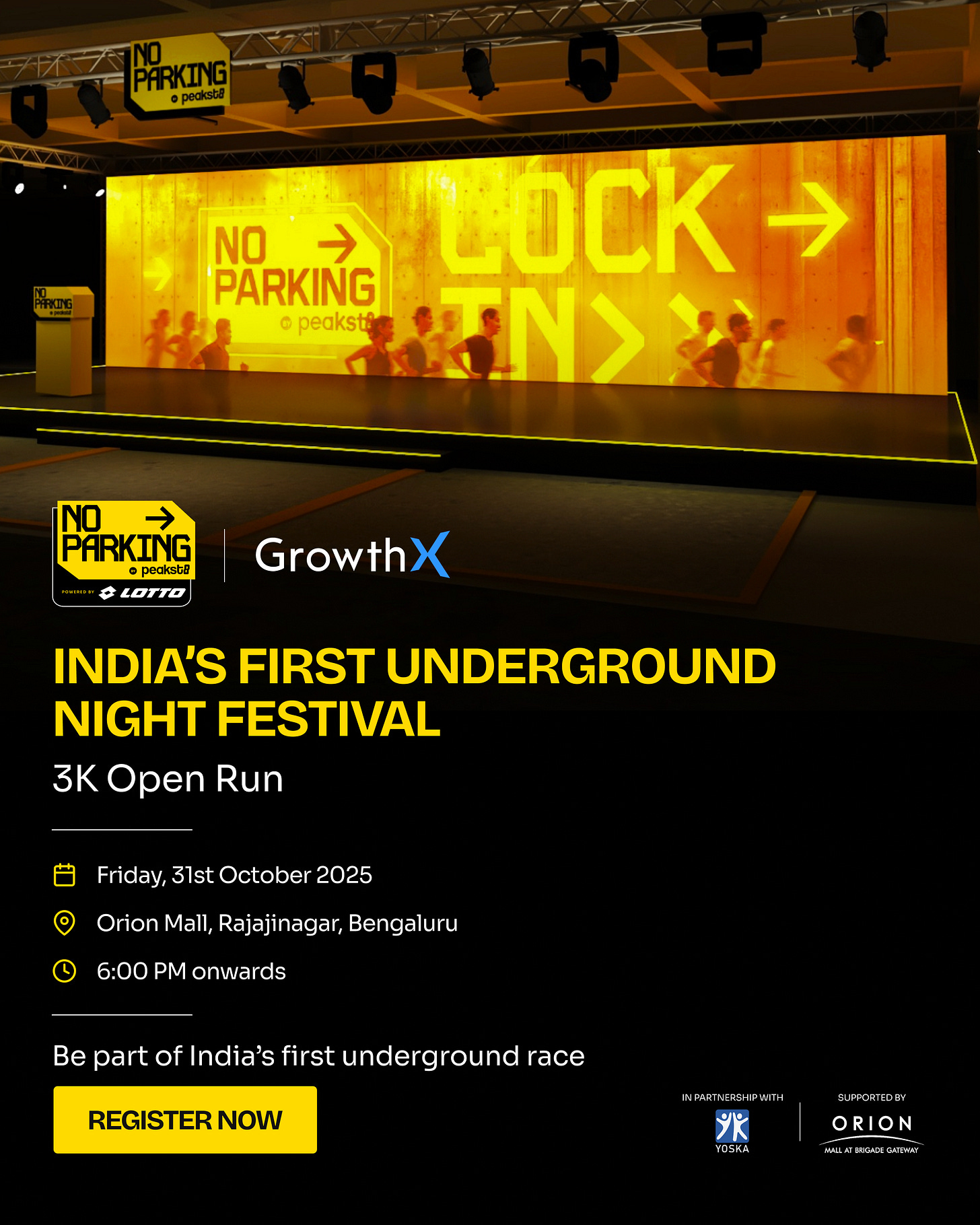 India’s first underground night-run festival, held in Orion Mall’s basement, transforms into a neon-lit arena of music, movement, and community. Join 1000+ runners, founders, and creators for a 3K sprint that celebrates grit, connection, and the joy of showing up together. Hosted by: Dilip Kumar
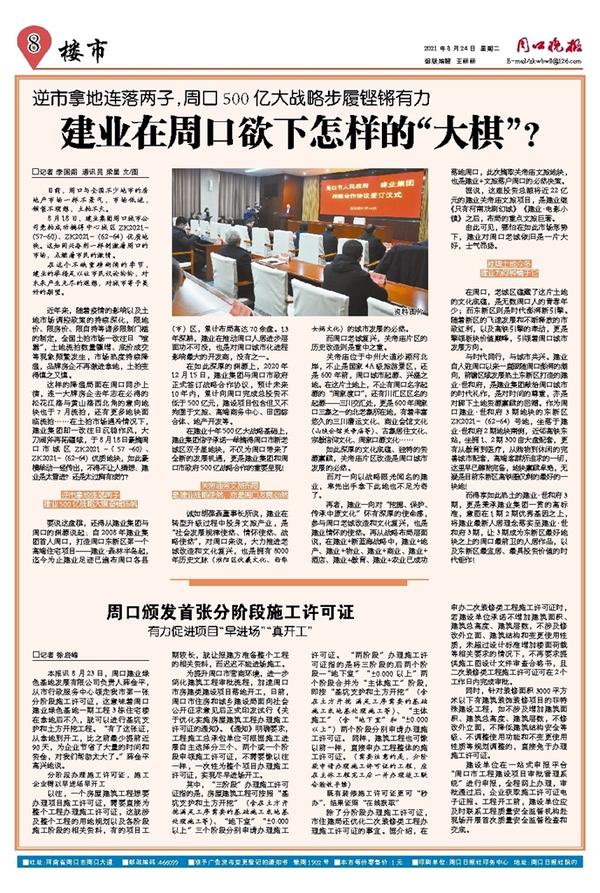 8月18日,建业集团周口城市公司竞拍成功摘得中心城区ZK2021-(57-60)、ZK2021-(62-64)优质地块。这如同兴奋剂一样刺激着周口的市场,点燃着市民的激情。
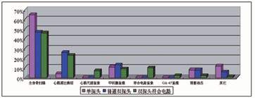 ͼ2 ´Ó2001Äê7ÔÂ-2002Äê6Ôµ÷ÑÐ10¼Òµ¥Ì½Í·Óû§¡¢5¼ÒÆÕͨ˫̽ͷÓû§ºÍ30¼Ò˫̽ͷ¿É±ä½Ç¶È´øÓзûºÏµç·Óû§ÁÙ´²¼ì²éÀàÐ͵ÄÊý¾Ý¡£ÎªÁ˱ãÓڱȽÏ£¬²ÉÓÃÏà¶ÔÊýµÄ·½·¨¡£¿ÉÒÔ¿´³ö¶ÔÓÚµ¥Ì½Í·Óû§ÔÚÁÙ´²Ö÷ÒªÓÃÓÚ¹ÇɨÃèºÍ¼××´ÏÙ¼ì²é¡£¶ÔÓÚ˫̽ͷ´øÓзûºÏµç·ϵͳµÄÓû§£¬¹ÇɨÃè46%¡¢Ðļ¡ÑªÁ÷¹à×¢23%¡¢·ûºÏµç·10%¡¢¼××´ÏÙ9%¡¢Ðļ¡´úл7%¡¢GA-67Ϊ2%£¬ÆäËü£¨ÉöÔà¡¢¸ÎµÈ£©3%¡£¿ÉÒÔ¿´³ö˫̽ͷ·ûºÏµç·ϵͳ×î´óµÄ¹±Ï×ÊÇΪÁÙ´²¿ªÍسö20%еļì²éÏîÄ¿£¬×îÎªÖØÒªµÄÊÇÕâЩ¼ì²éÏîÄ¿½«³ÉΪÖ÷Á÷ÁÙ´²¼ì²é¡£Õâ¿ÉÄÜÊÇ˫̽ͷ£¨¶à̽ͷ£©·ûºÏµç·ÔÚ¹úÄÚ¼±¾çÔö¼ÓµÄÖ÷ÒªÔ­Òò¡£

TASK DETAILS: The material above should be printed again exactly, with each picture left out.

RESULT OF THE EXERCISE:
 India’s first underground night-run festival, held in Orion Mall’s basement, transforms into a neon-lit arena of music, movement, and community. Join 1000+ runners, founders, and creators for a 3K sprint that celebrates grit, connection, and the joy of showing up together. Hosted by: Dilip Kumar
 8月18日,建业集团周口城市公司竞拍成功摘得中心城区ZK2021-(57-60)、ZK2021-(62-64)优质地块。这如同兴奋剂一样刺激着周口的市场,点燃着市民的激情。
 ͼ2 ´Ó2001Äê7ÔÂ-2002Äê6Ôµ÷ÑÐ10¼Òµ¥Ì½Í·Óû§¡¢5¼ÒÆÕͨ˫̽ͷÓû§ºÍ30¼Ò˫̽ͷ¿É±ä½Ç¶È´øÓзûºÏµç·Óû§ÁÙ´²¼ì²éÀàÐ͵ÄÊý¾Ý¡£ÎªÁ˱ãÓڱȽÏ£¬²ÉÓÃÏà¶ÔÊýµÄ·½·¨¡£¿ÉÒÔ¿´³ö¶ÔÓÚµ¥Ì½Í·Óû§ÔÚÁÙ´²Ö÷ÒªÓÃÓÚ¹ÇɨÃèºÍ¼××´ÏÙ¼ì²é¡£¶ÔÓÚ˫̽ͷ´øÓзûºÏµç·ϵͳµÄÓû§£¬¹ÇɨÃè46%¡¢Ðļ¡ÑªÁ÷¹à×¢23%¡¢·ûºÏµç·10%¡¢¼××´ÏÙ9%¡¢Ðļ¡´úл7%¡¢GA-67Ϊ2%£¬ÆäËü£¨ÉöÔà¡¢¸ÎµÈ£©3%¡£¿ÉÒÔ¿´³ö˫̽ͷ·ûºÏµç·ϵͳ×î´óµÄ¹±Ï×ÊÇΪÁÙ´²¿ªÍسö20%еļì²éÏîÄ¿£¬×îÎªÖØÒªµÄÊÇÕâЩ¼ì²éÏîÄ¿½«³ÉΪÖ÷Á÷ÁÙ´²¼ì²é¡£Õâ¿ÉÄÜÊÇ˫̽ͷ£¨¶à̽ͷ£©·ûºÏµç·ÔÚ¹úÄÚ¼±¾çÔö¼ÓµÄÖ÷ÒªÔ­Òò¡£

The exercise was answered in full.